▶ **Exercise**
Repeat, exactly and with no pictures, the lines that run from the beginning of the entries through the line containing "Free, fresh fruit".

[Data excerpts]
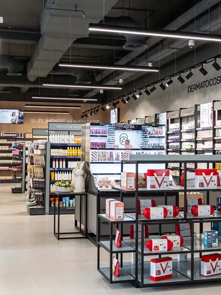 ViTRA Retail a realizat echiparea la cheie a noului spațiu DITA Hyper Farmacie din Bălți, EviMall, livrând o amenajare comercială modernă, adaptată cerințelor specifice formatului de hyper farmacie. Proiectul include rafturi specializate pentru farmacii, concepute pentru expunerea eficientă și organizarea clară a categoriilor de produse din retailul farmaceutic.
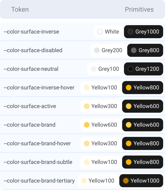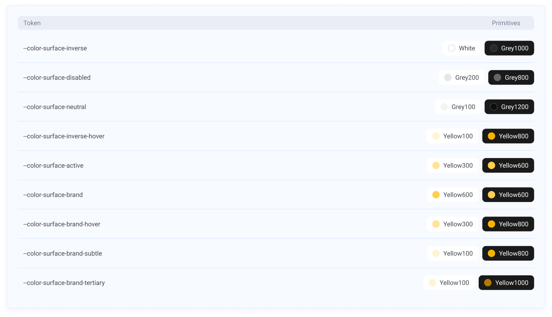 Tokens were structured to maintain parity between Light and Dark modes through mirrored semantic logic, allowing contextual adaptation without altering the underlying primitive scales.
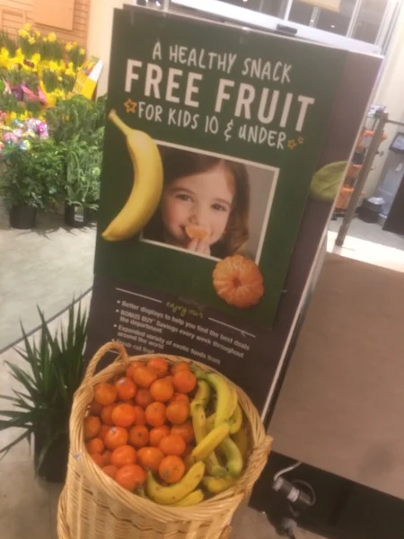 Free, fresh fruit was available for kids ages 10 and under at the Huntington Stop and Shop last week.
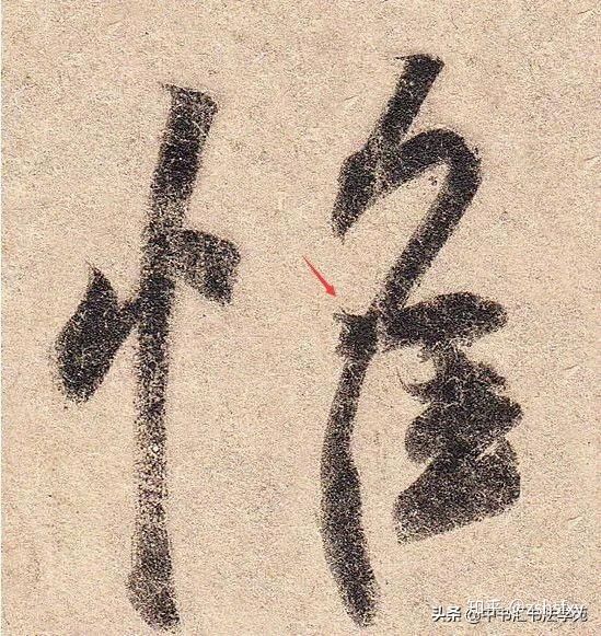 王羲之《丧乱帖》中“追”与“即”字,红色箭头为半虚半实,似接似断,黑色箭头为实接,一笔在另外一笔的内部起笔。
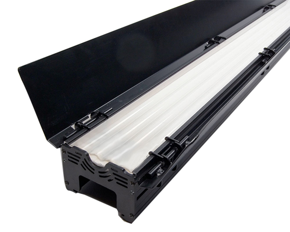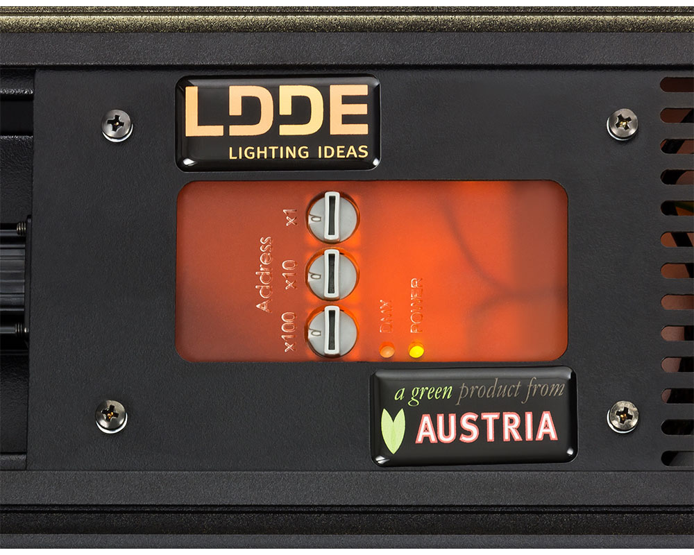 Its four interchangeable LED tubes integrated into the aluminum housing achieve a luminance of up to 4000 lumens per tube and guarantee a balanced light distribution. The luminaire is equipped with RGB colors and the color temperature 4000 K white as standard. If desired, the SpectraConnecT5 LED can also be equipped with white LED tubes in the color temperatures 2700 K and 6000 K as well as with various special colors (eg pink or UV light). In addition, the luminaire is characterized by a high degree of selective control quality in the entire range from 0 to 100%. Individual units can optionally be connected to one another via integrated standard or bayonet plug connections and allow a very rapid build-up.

▶ **Expected output**
 ViTRA Retail a realizat echiparea la cheie a noului spațiu DITA Hyper Farmacie din Bălți, EviMall, livrând o amenajare comercială modernă, adaptată cerințelor specifice formatului de hyper farmacie. Proiectul include rafturi specializate pentru farmacii, concepute pentru expunerea eficientă și organizarea clară a categoriilor de produse din retailul farmaceutic.
 Tokens were structured to maintain parity between Light and Dark modes through mirrored semantic logic, allowing contextual adaptation without altering the underlying primitive scales.
 Free, fresh fruit was available for kids ages 10 and under at the Huntington Stop and Shop last week.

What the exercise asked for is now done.